WHAT YOU HAVE TO DO. Copy the data that follows exactly as it is, excluding all pictures.

PROVIDED MATERIAL.
——

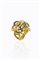 in oro giallo lucido, sommità composta da anelli ovalizzati lavorati a corda e smaltati nei toni del verde e del blu
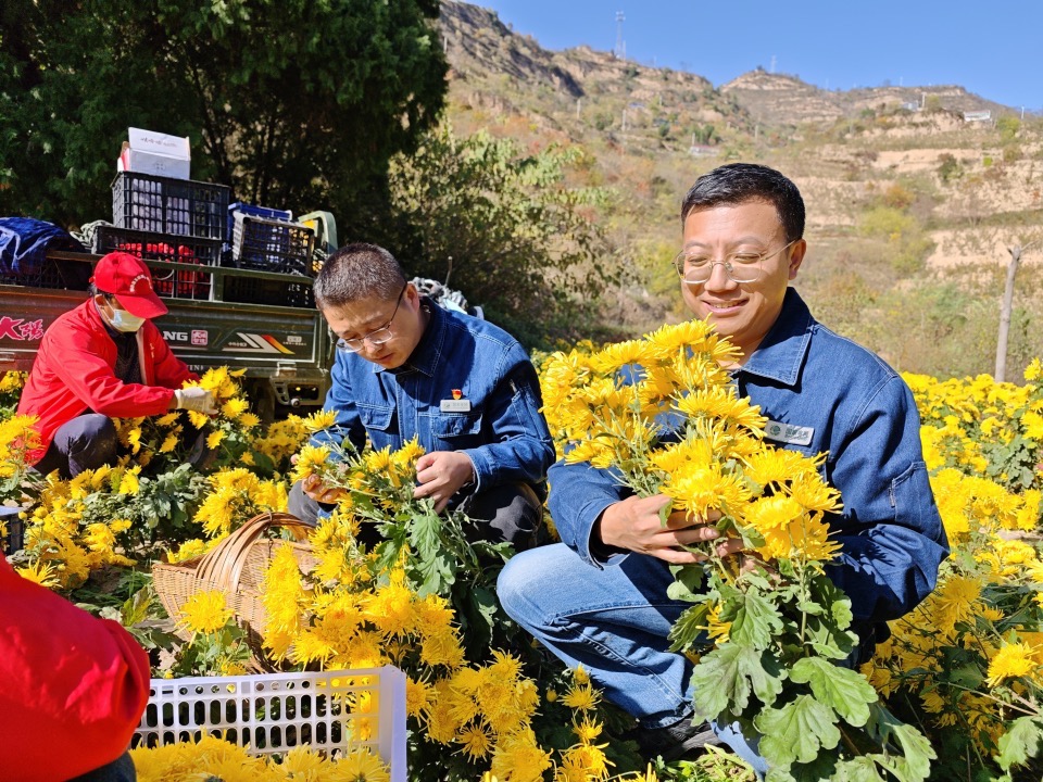 近日,甘肃省陇南市西和县大桥镇李坪村种植的金丝皇菊竞相绽放,金黄色的花朵在阳光下熠熠生辉,迎来了一年一度的丰收。为确保成熟菊花能够及时加工处理,国网甘肃省电力公司驻大桥镇帮扶工作队抢抓时机,深入田间地头,与村民们一道采摘金丝皇菊,并通过多元化渠道帮助销售,进一步提高村民收入。
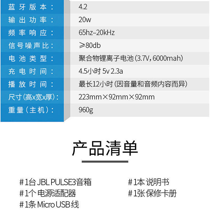 JBL PULSE3 音乐脉动 防水便携式蓝牙音响

——

TASK ANSWER.
 in oro giallo lucido, sommità composta da anelli ovalizzati lavorati a corda e smaltati nei toni del verde e del blu
 近日,甘肃省陇南市西和县大桥镇李坪村种植的金丝皇菊竞相绽放,金黄色的花朵在阳光下熠熠生辉,迎来了一年一度的丰收。为确保成熟菊花能够及时加工处理,国网甘肃省电力公司驻大桥镇帮扶工作队抢抓时机,深入田间地头,与村民们一道采摘金丝皇菊,并通过多元化渠道帮助销售,进一步提高村民收入。
 JBL PULSE3 音乐脉动 防水便携式蓝牙音响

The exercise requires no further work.